WHAT YOU HAVE TO DO: Output, verbatim and without pictures, the lines from the first line of the listing through the line containing "2x Bremsscheibe +".

PROVIDED INFORMATION:
#####

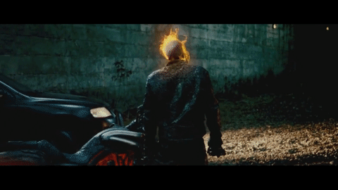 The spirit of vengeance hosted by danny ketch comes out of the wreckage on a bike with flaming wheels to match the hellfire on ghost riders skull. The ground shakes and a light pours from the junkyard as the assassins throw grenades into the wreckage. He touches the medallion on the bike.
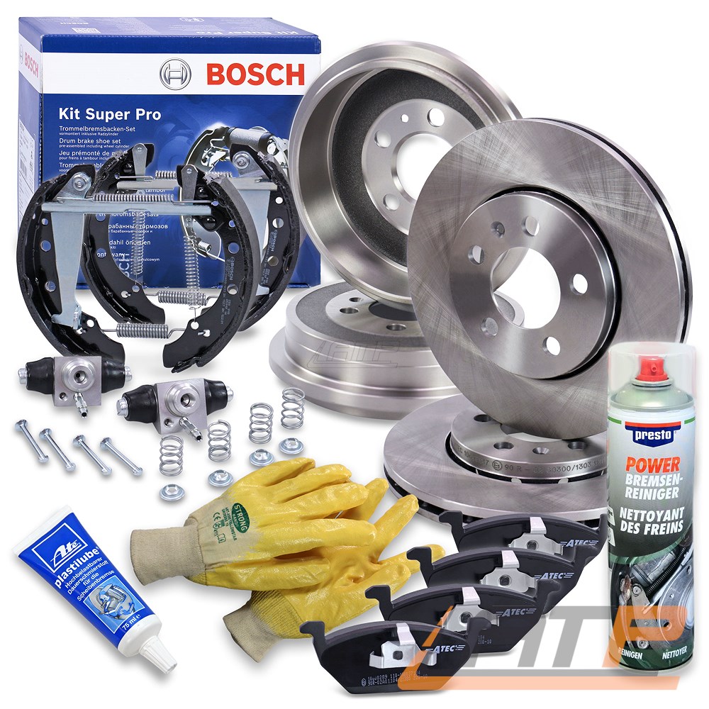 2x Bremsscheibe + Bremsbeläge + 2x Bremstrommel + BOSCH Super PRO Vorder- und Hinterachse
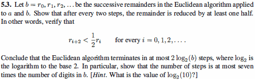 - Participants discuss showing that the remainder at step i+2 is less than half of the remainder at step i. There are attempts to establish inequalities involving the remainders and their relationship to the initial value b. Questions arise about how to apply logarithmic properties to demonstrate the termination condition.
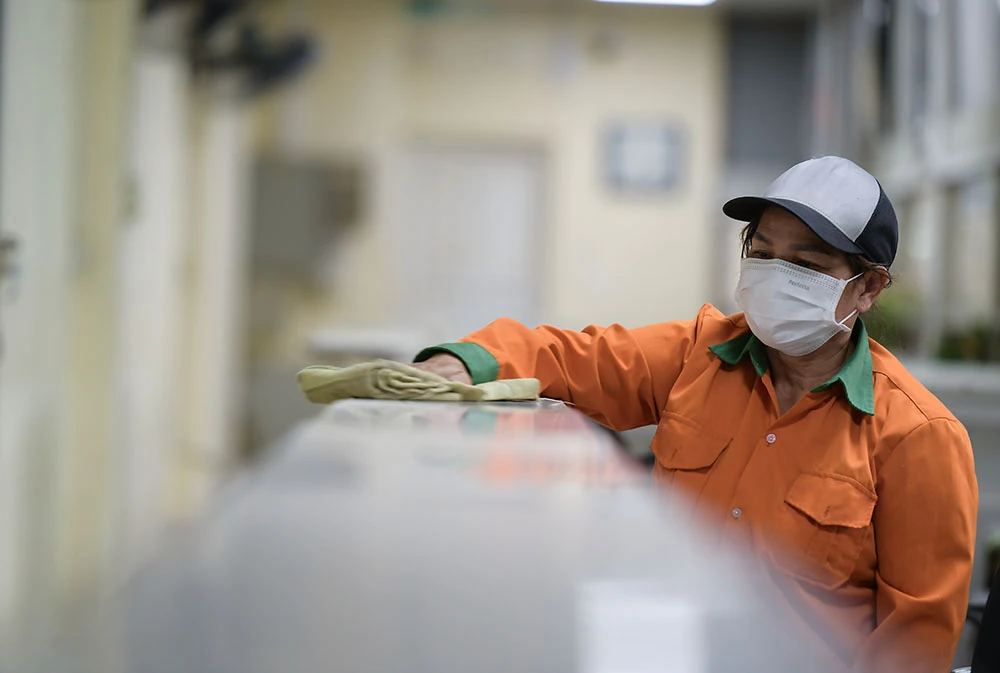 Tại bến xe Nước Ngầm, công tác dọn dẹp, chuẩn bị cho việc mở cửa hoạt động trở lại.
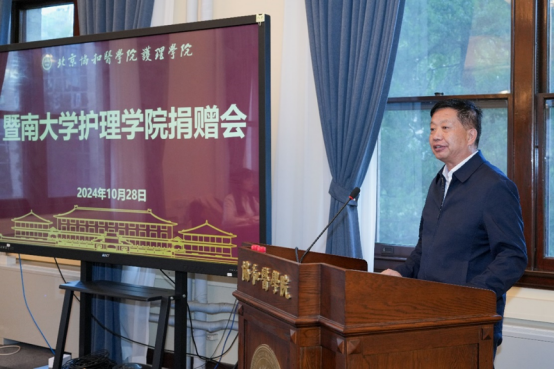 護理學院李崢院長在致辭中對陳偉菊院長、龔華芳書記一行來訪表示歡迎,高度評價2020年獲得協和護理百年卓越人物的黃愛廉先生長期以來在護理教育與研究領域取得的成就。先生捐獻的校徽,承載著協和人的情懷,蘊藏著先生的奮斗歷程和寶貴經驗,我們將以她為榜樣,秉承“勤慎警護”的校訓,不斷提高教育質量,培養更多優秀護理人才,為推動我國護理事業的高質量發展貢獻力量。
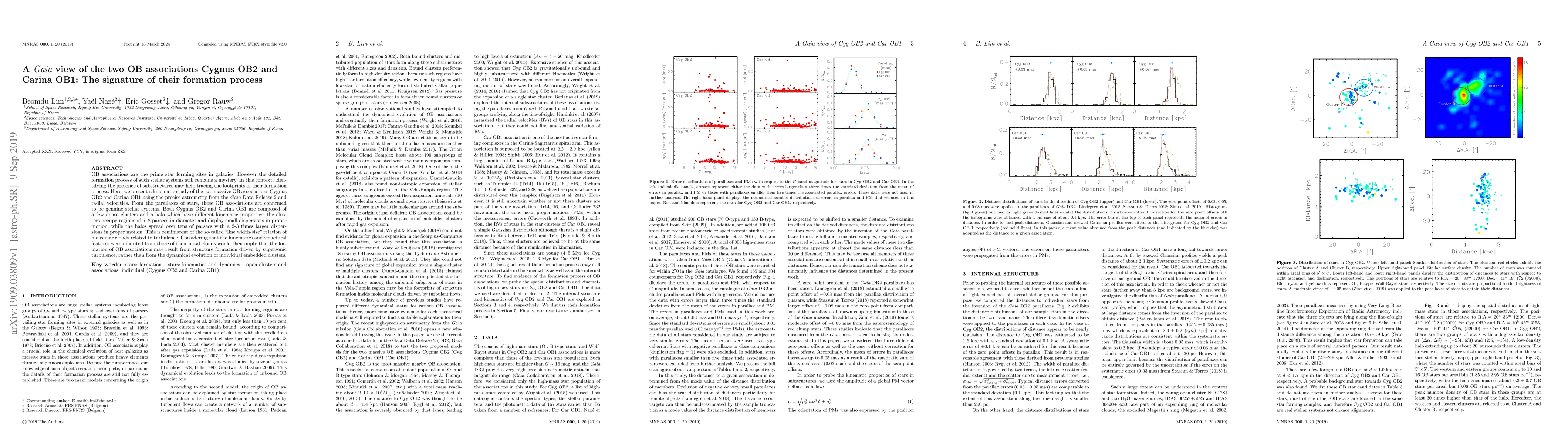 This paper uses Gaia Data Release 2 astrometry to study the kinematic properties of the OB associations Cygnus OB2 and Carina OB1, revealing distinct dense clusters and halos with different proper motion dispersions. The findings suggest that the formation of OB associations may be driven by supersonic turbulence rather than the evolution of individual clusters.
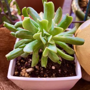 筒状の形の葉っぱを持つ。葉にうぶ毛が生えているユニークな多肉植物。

#####

RESPONSE FOR THIS EXERCISE:
 The spirit of vengeance hosted by danny ketch comes out of the wreckage on a bike with flaming wheels to match the hellfire on ghost riders skull. The ground shakes and a light pours from the junkyard as the assassins throw grenades into the wreckage. He touches the medallion on the bike.
 2x Bremsscheibe + Bremsbeläge + 2x Bremstrommel + BOSCH Super PRO Vorder- und Hinterachse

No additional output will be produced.